Unlike his populist far-right peers Donald Trump, Jair Bolsonaro or the UK’s Boris Johnson, who put the economy over health, Netanyahu responded most rapidly and efficiently to the virus. In his function as a temporary prime minister in a transition government, Netanyahu introduced sweeping measures in reaction to the outbreak long before other Western countries did so. This might have a lot to do with the deeply embedded imperative of saving human life as a superior principle in the Jewish tradition. 

Besides that, Israel, being a far more militaristic society than any other western democracy, is always prepared for disaster; fighting a war against a deadly threat suits the national and of course Netanyahu´s mentality. Others say it may be just the old Jewish hypochondriac syndrome, fearing fatal medical situations at all times.

Undoubtedly, Bibi´s desire to be the saviour and shield of his nation connected in this hour of need in a beneficial way with his duty for leadership, when he informed in his evening speeches on public TV his fellow citizen about the hygienic necessities, social distancing and the gravity of the situation. 

There is no doubt that Netanyahu really cares for his people. But one cannot deny that the first person to benefit from this crisis is, of course, Bibi himself.
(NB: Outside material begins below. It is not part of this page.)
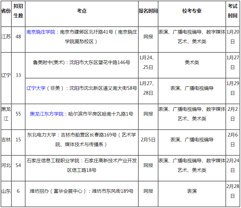 (1)吉林省、黑龍江省、山東省、河北省、江蘇省招收視覺(jué)傳達(dá)設(shè)計(jì)、環(huán)境設(shè)計(jì)、動(dòng)畫(huà)、服裝與服飾設(shè)計(jì)、表演、廣播電視編導(dǎo)、數(shù)字媒體藝術(shù)專(zhuān)業(yè)7個(gè)專(zhuān)業(yè)。

It aroused a lot of mixed feelings, criticism and unease in the opposition and on the international stage, when his backers declared in a quick move a state of emergency, dissolved the parliament for a few days and postponed the prime minister´s first court hearing for three months. 

Netanyahu offered Gantz to form a national unity government for the sake of fighting the Coronavirus plague together. Gantz, who promised his voters that he would never sit in one government side by side with a prime minister suspected of being a criminal, agreed because of the “difficult hour”. Completely shocked, two other leaders of Gantz’s political party had left the alliance, and his party split in half immediately after the announcement.

According to a first rotation agreement draft, Bibi would serve as the prime minister for the first two years, followed by Gantz. But already, after a couple of weeks, coalition talks stalled, since Bibi’s guys want more influence over  appointments of judges, which Gantz’s side opposes. In the meantime “Bibi forever” will go on to govern and to battle the virus. Will the Corona Crown on his head make him immortal?